# SS 31.10.15 - Schnittke #1



## realdealblues (Mar 3, 2010)

A continuation of the Saturday Symphonies Tradition:

Welcome to another weekend of symphonic listening!

For your listening pleasure this weekend:*

Alfred Schnittke (1934 - 1998)*

Symphony No. 1

1. Senza Tempo. Moderato
2. Allegretto
3. Lento
4. Lento. Allegro

---------------------

Post what recording you are going to listen to giving details of Orchestra / Conductor / Chorus / Soloists etc - Enjoy!


----------



## realdealblues (Mar 3, 2010)

A work and a composer I'm not familiar with. Looking forward to trying something new. I'll be listening too:

View attachment 77076


Leif Segerstam/Royal Stockholm Philharmonic Orchestra


----------



## D Smith (Sep 13, 2014)

I've never heard this work before. I'll be listening to Rozhdestvensky's performance.


----------



## Jeff W (Jan 20, 2014)

realdealblues said:


> A work and a composer I'm not familiar with. Looking forward to trying something new. I'll be listening too:
> 
> View attachment 77076
> 
> ...


Trusting your judgement on this one. Completely new work and composer for me!


----------



## elgar's ghost (Aug 8, 2010)

I love this work - when I first heard it I thought it was totally barking! Back then I thought that the novelty of its patchwork/collage style would soon wear thin (if not wear off altogether) but I've never tired of it.

The BIS recording for me, too:


----------



## Kivimees (Feb 16, 2013)

The BIS recording for me as well. I'll follow with symphony no. 2.


----------



## starthrower (Dec 11, 2010)

realdealblues said:


> A work and a composer I'm not familiar with. Looking forward to trying something new. I'll be listening too:
> 
> View attachment 77076
> 
> ...


An exciting live performance of a wild symphony! And even if it turns out to be not your cuppa tea, I'd encourage you to try other Schnittke works. The symphonies are all different, and there's many fine concertos of all kinds.
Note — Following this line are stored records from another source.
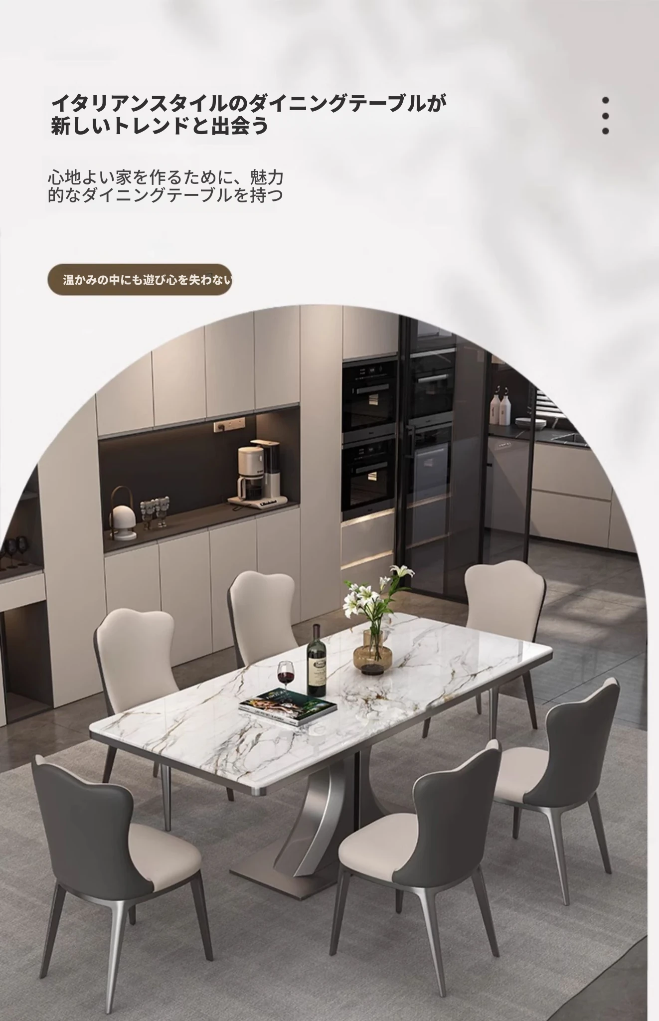 1.8M天然微晶石ダイニングテーブル+高級キャットスクラッチレザーのダイニングチェア*6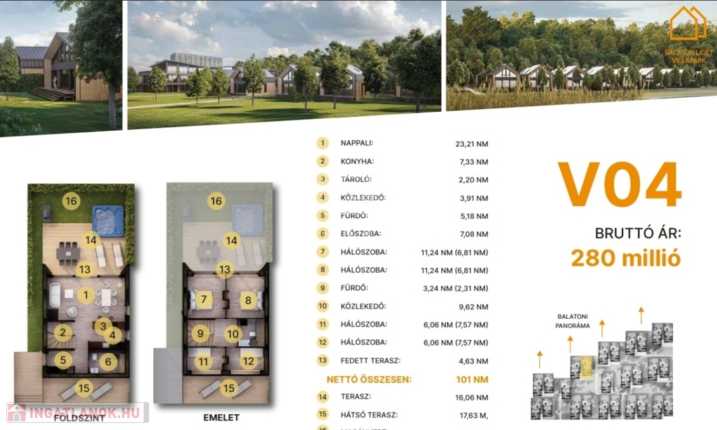 min. 64 m² magánkert.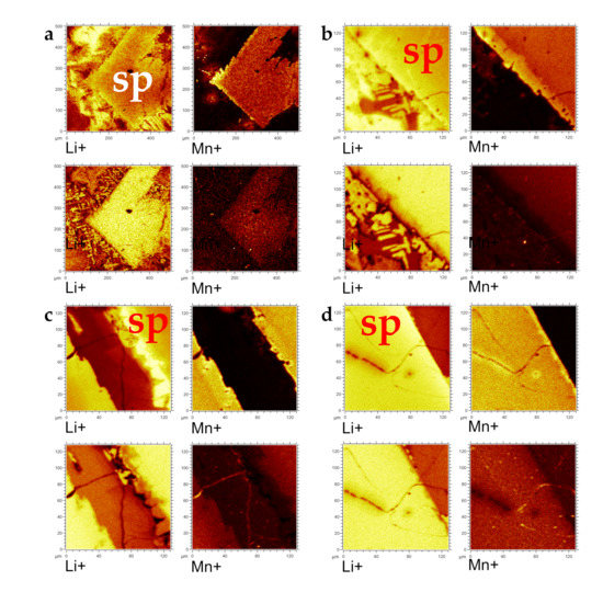 (a–d) Details of the lateral intensity distributions of selected positive isotope-resolved secondary ion signals of spinel (ss) grains (sp) depicting the relation of Li, Al, Mn (and Mg).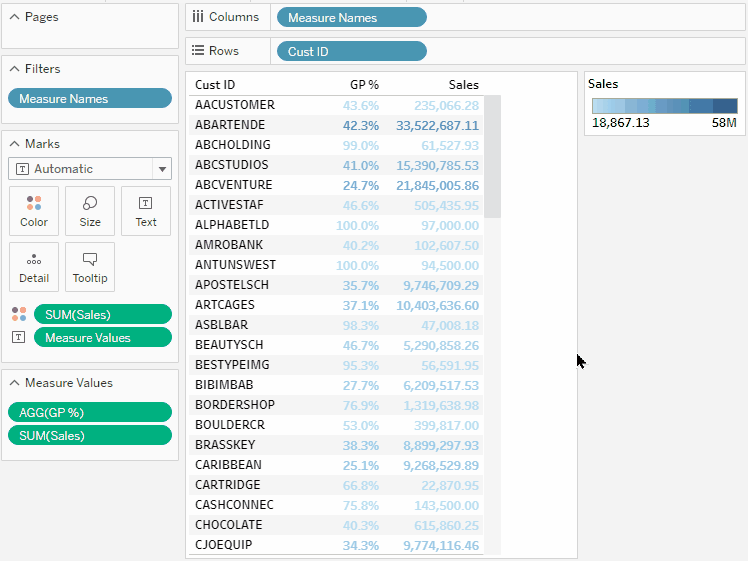 To see Subtotals per Cust Class, drag the Sales measure to the Label icon. This displays the total for each Cust Class. You might want to format the measure for a custom display.
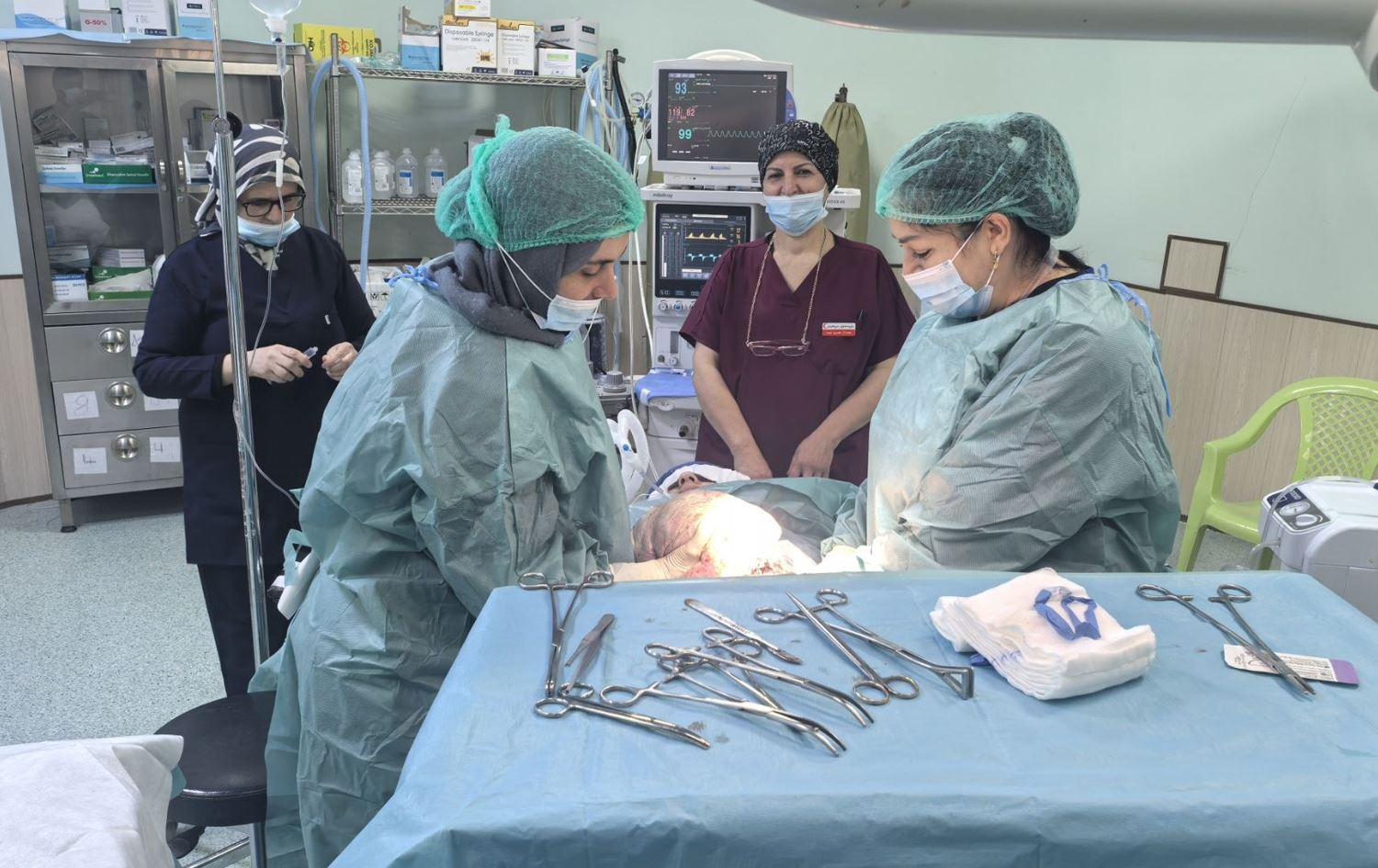 د. سانا ئیسماعیل و تیمەکەی لە کاتی نەشتەرگەریی منداڵبوونەکە. وێنە: لەلایەن د. ساناوە نێردراوە

And his choral works are sublime!


----------



## Vaneyes (May 11, 2010)

I have, and enjoy immensely, Segerstam's *Schnittke*: Symphony 2 (rec.1994), so it'll default to his 1, if I can find it at YT. :tiphat:


----------



## starthrower (Dec 11, 2010)

Vaneyes said:


> I have, and enjoy immensely, Segerstam's *Schnittke*: Symphony 2 (rec.1994), so it'll default to his 1, if I can find it at YT. :tiphat:


May I be of assistance, sir?


----------



## Mahlerian (Nov 27, 2012)

This is probably the most bizarre work on the entire list. Absolute insanity (try seeing how many quotes you can catch).

I'll go for streaming Segerstam on BIS.


----------



## Skilmarilion (Apr 6, 2013)

I'll roll with Segerstam.

A nice program note, here:

https://alfredschnittke.wordpress.com/2010/01/29/symphony-no-1/

_1. Senza tempo - Andante
2. Allegretto
3. Lento
4. Lento

According to the composer himself, the title "symphony" in this instance is to be understood as partly serious, partly ironical. Written at a time (1969-72) when the lure of new techniques had led only to the seeming impasse of avante-garde serialism, Schnittke's First Symphony evidently represents an attempt to clear a path into the future - demolishing the musical landscape of the late 1960s as a prelude to reconstructing it from fragments of a remote as well as a more recent past. The symphonic structure arising from this sometimes brutal demolition process is likened to the architecture of a Warsaw church which, flattened by war-time bombing, was rebuilt by inserting such fragments as remained of the old within the walls of the new, "without concern for stylistic unity".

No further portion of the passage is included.